The ancillaries – the helideck and two lifeboat stations built by C&W Offshore in Bay Bulls – were shipped to Bull Arm in January. The utilities processing module (UPM), which is being built by Hyundai Heavy Industries in Ulsan, South Korea, is scheduled to arrive this year.
With the arrival of the UPM, the integration and commissioning of all the topsides modules and ancillaries will begin with the installation of the drilling support module and the derrick equipment set. Then, the living quarters module, helideck and west lifeboat station will be integrated with the UPM, followed by the east lifeboat station and the flare boom.
This summer, lead Hebron partner ExxonMobil expects to install the pipeline and bases for the offshore loading system (OLS), which will pump crude from the storage tanks of the Hebron platform’s storage cells to shuttle tankers.

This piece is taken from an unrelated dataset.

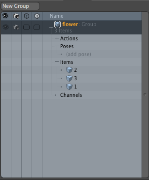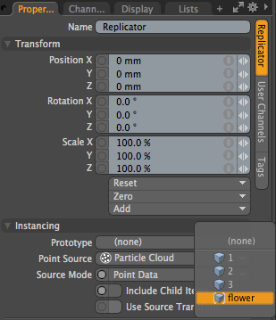 「flower」を選択するとポイントクラウドにも適用される(ボックス表示なのでレンダリングしないとわからないけど)。
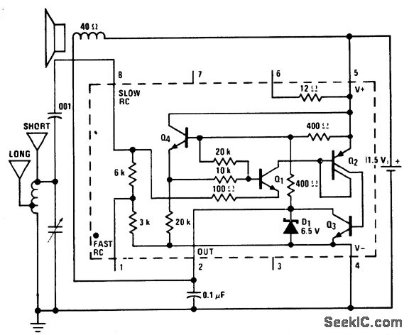 AM broadcast receiver using an LM3909 chip. The LM3909 acts as a detector amplifier. It does not oscillate because there is no positive feedback. The receiver is only good for local stations and sensitivity is similar to a crystal set. It will drive a 6-inch loudspeaker. The antenna can be the short version shown, which is 10 to 20 feet long, or the long version, which is 30 to 100 feet. The long one works better (courtesy National Semiconductor Corporation).

ExxonMobil says the final concrete slip-form operation for the gravity base structure (GBS) brought the center shaft to its final height of approximately 120 metres.
Tow-out of the completed Hebron platform to the Grand Banks oilfield is scheduled for 2017. First oil is expected in late 2017.
Statoil Canada expects to continue its Flemish Pass drilling program until this spring. Since spudding the first well in November 2014, the West Hercules rig has drilled 11 exploration and appraisal wells, including three sidetracks, for Statoil in the Flemish Pass and Northeast Newfoundland Shelf.
So far, all but two of the wells have been drilled in Exploration Licence (EL) 1112, where Statoil and partner Husky Energy made the Bay du Nord discovery estimated to contain up to 600 million barrels of light crude in 2013.
Statoil targeted one well each in EL 1123 and EL 1126. In EL 1123, Statoil is partnered with Shell, which recently acquired BG International’s stake in the licence once held by Repsol. In EL 1126, Statoil is partnered with Chevron Canada (40 per cent) and Shell (10 per cent).
Statoil is prepping for a 3D seismic survey of its exploration licences in the Flemish Pass. Scheduled to take place sometime between May and September of this year, the survey will cover 5,000 square kilometres of seabed. The exact location of the survey has yet to be determined.
Statoil has also acquired an interest in six of the seven new exploration licences issued in the Flemish Pass for total bids of more than $1.2 billion late last year. The company is the operator of five of those new ELs issued in January.
The West Hercules rig is under contract to Statoil until January 2017, according to Seadrill’s fleet status report issued November 24, 2015.
Husky Energy expects the semi-submersible drill rig Henry Goodrich to return to the Newfoundland and Labrador offshore by mid-year. The Henry Goodrich is contracted to Husky from May of this year to May 2017, according to a Transocean fleet status report issued February 11.
Husky announced the two-year contract for the rig in December 2015. It will be primarily used for ongoing development drilling at the White Rose oilfield and satellite fields, including the North Amethyst-Hibernia well and the next series of wells at South White Rose, which started production last year.
Production from the North Amethyst-Hibernia zone, which is located deep beneath the White Rose oilfield, had been scheduled for late 2015. That production timeline was revised to 2016-17 following the September 2015 cancellation of the contract for the newbuild rig, West Mira, by Seadrill Ltd.
The SeaRose floating production, storage and offloading (FPSO) vessel is scheduled for a 20-day maintenance turnaround during the third quarter of this year.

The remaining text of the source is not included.